Between the line containing "GBPJPY has tumbled" and the line containing "Согласно пирамиде А.Маслоу" lies a run of lines; give that run again exactly, with both of those lines, and nothing else from the entries below.

Data supplied: Begin

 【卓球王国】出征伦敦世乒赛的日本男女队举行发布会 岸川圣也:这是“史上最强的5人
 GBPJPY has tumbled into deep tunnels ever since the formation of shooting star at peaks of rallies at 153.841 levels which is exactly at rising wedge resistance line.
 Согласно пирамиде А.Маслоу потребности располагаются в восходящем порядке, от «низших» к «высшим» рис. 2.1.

Data supplied: End
Data supplied: Begin

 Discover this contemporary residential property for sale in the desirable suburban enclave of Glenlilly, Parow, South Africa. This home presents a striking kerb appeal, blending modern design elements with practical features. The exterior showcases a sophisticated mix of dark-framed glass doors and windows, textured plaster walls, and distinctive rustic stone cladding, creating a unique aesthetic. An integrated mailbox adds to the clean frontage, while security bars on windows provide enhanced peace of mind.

Data supplied: End

### Response below
 GBPJPY has tumbled into deep tunnels ever since the formation of shooting star at peaks of rallies at 153.841 levels which is exactly at rising wedge resistance line.
 Согласно пирамиде А.Маслоу потребности располагаются в восходящем порядке, от «низших» к «высшим» рис. 2.1.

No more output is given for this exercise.